• This is a political forum that is non-biased/non-partisan and treats every person's position on topics equally. This debate forum is not aligned to any political party. In today's politics, many ideas are split between and even within all the political parties. Often we find ourselves agreeing on one platform but some topics break our mold. We are here to discuss them in a civil political debate. If this is your first visit to our political forums, be sure to check out the RULES. Registering for debate politics is necessary before posting. Register today to participate - it's free!

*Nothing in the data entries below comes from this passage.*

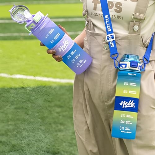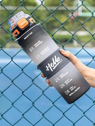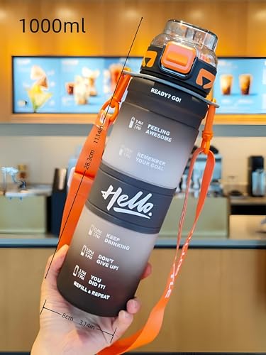 - تم تصميم زجاجة المياه التحفيزية هذه بسعة لتر واحد لتحافظ على رطوبتك طوال اليوم، وتتميز بعلامات زمنية تشجعك على الشرب على فترات منتظمة. إنها مثالية للبقاء على المسار الصحيح لتحقيق أهداف الترطيب الخاصة بك، سواء كنت في المكتب أو في الهواء الطلق أو تذهب إلى صالة الألعاب الرياضية.
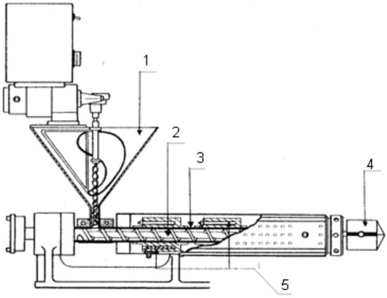 Single screw laboratory extruder—BRABENDER 20 DN: 1—feeding device; 2—working screw; 3—cylinder; 4—die with nozzle and heater; 5—heating devices; by Cherpokov et al. [39].
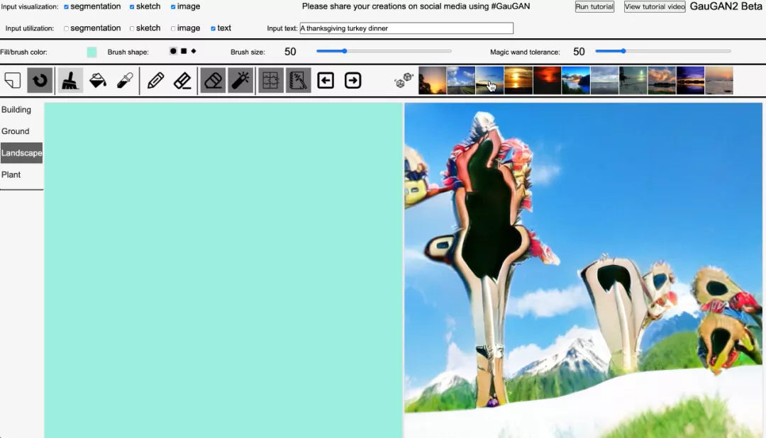 **此外,硅星人還發現,目前GauGAN 2的文本識別好像是隻侷限在建築、土地、景觀和植物這四大類之中。**比如,當我們輸入“一頓感恩節火雞大餐(A Thanksgiving turkey dinner)”時,系統返回的圖像彷彿是什麼外星來物,跟火雞、甚至晚餐根本都不沾邊。

Trading halted on NYSE floor

wait this is a hoot....


"NYSE and NYSE MKT began the process of canceling all open orders, working with customers to reconcile orders and trades, restarting all customer gateways and failing over to back-up trading units located in our Mahwah, NJ datacenter so trading could be resumed in a normal state"


Mahwah is the backup now? (it's not, SHHHHH)

and it took them 3 ****ing hours to fail over?

Many of my customers have fault tolerance and redundancy, "failover" ranges from near instant, to about 10 mins.

How many of your customers have that kind of traffic volume?
 
You have a system that 20,0000 people connect to and has 15 functions. If one person cannot execute one function but everything else works is the system up or down? How does that failure get factored in uptime calculations?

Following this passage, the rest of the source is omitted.